Sulphur use for powdery mildew

QuestionWhat’s that yellow stuff that you keep brushing on your violets?

Answer:  The “yellow stuff” that this visitor to our shop was referring to was powdered sulfur.  It is our way of controlling powdery mildew, which seems to be a problem for us in spring and fall.  Powdered sulfur is our way of eliminating mildew on a violet without having to spray our entire collection with more toxic chemicals.  Since it’s our practice to regularly brush the leaves of our violets when we groom them, it’s not that much more work for us.  We keep a small jar of it at our side, and when we see a plant with powdery mildew, we dip the brush tip into the jar, getting just a very small amount of sulfur, gently tap the brush onto the leaves, then brush off.  It kills the mildew on contact, and keeps it from returning to the treated areas. 

We should mention that we’ve tried the method of simply placing containers of sulfur amongst the plants, but found this to be of no use.  It must be applied to the plants to be effective.  Where to get it?  As your local pharmacist.  A lifetime supply can usually be gotten for just a few dollars.

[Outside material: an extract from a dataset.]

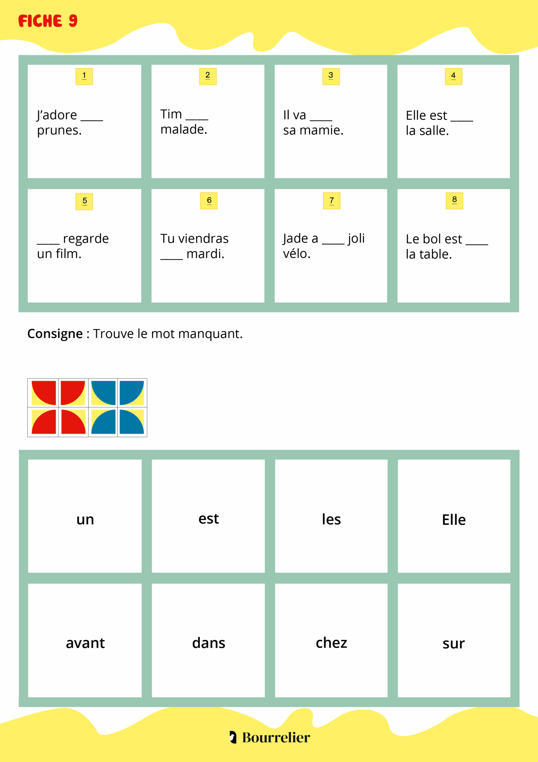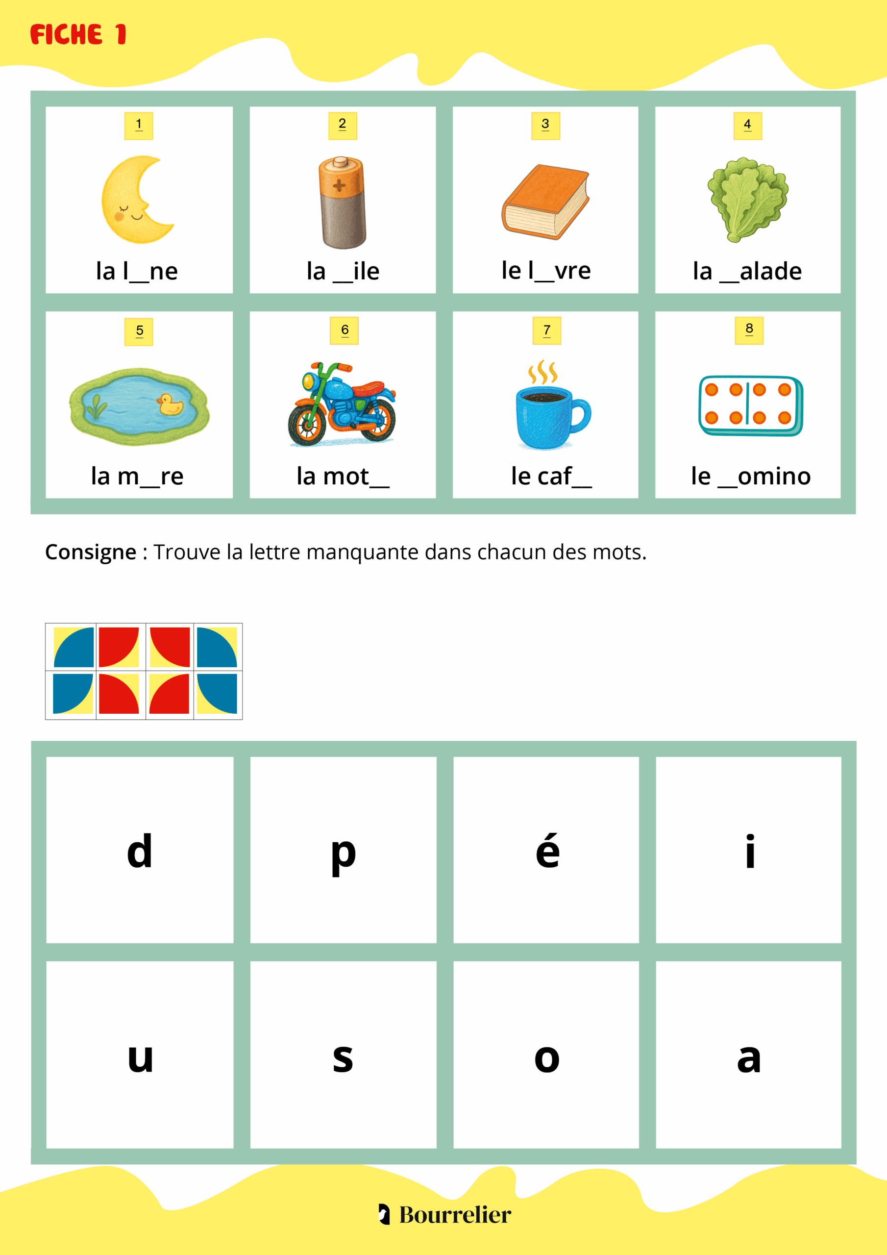 - Si le motif correspond au modèle présenté sur la fiche l’élève sait qu’il a réussi l’activité. Si le motif ne correspond pas, il repère les réponses incorrectes et se corrige tout seul.

  • Powdery mildew is affecting the flowers of my African violets more often than the leaves. Will the sulfur be just as effective on flowers as leaves? Thank you.

    • Yes, but we’ve found that once the mildew is on the blooms, the damage has been done. We just remove the affected blooms–there will be more blooms soon on a healthy plant.

  • How long should we let the sulfur on the plant’s leaves before we brush it off? If I understood corectly, we have to dust with sulfur only the affected areas, not the whole plant and its neighbours? Is it necessary to repeat the treatment on the same areas?
    Thank you very much!

    • Very little is needed, just a few grains on the tip of brush. It only needs contact with the plant surface–brush it on, brush it off. If you can’t easily brush all of the sulfur off, you’re using too much. Mildew won’t reappear on the treated areas, but since the plant grows (producing new, untreated growth), mildew can always reappear on the plant if the environment is conducive to this. In such small quantities, unless you have a particular sensitivity to it, it should be safe to use in the home.

  • I have read about baking soda as a non-toxic treatment against powdery mildew and I was wondering if you have used it and if it has any positive results. Thank you very much, I am very impressed about what you are doing!

  • Have plant stand in room with overhead fun, running 24-7 and have had a terrible summer. Not new to violets or streps but this year has been unusually humid and warm here in SW MO. Most streps have mildew, tho it is not evident on the violets. Will definitely try sulfur.

    On another issue, I have had a terrible time with scale on both. Need some good advise as to where to go from here. Take leaves, chuck the worst, what ever it takes…..but do need to know best way to treat and prevent. I know circulation is needed….don’t really know what I could do to improve where the stand is, but want to have healthy plants….so help!

    • It is unusual to find scale on either violets or streps, though it does happen. You can go through your plants and get each scale with a q-tip and alcohol, but this will take some time and the effectiveness depends upon how good your are on finding each one. Better would be to restart plants from cuttings or crowns that have been thoroughly cleaned and are free of problems. Good practice to never bring plants in from the outside, since this is often the source of the original problem.

  • What is the difference between powdery mildew and mold . I`v had centers turn gray and limp in two days.

    • Splitting hairs, but mildew is a milder, more easily dealt with, kind of mold. Mildew will appear on surface of plant or blooms and is easily treated. Mold is more substantial, more visible and thicker, often appears on soil surface. Powdery mildew will appear when air is stagnant and temperature drops significantly (at night). Mold usually the result of damp conditions–usually when soil is kept very wet. This excess moisture collects in the plant center (like ‘dew’) and you can see the problems you describe, especially if air is stagnant and/or humidity is high.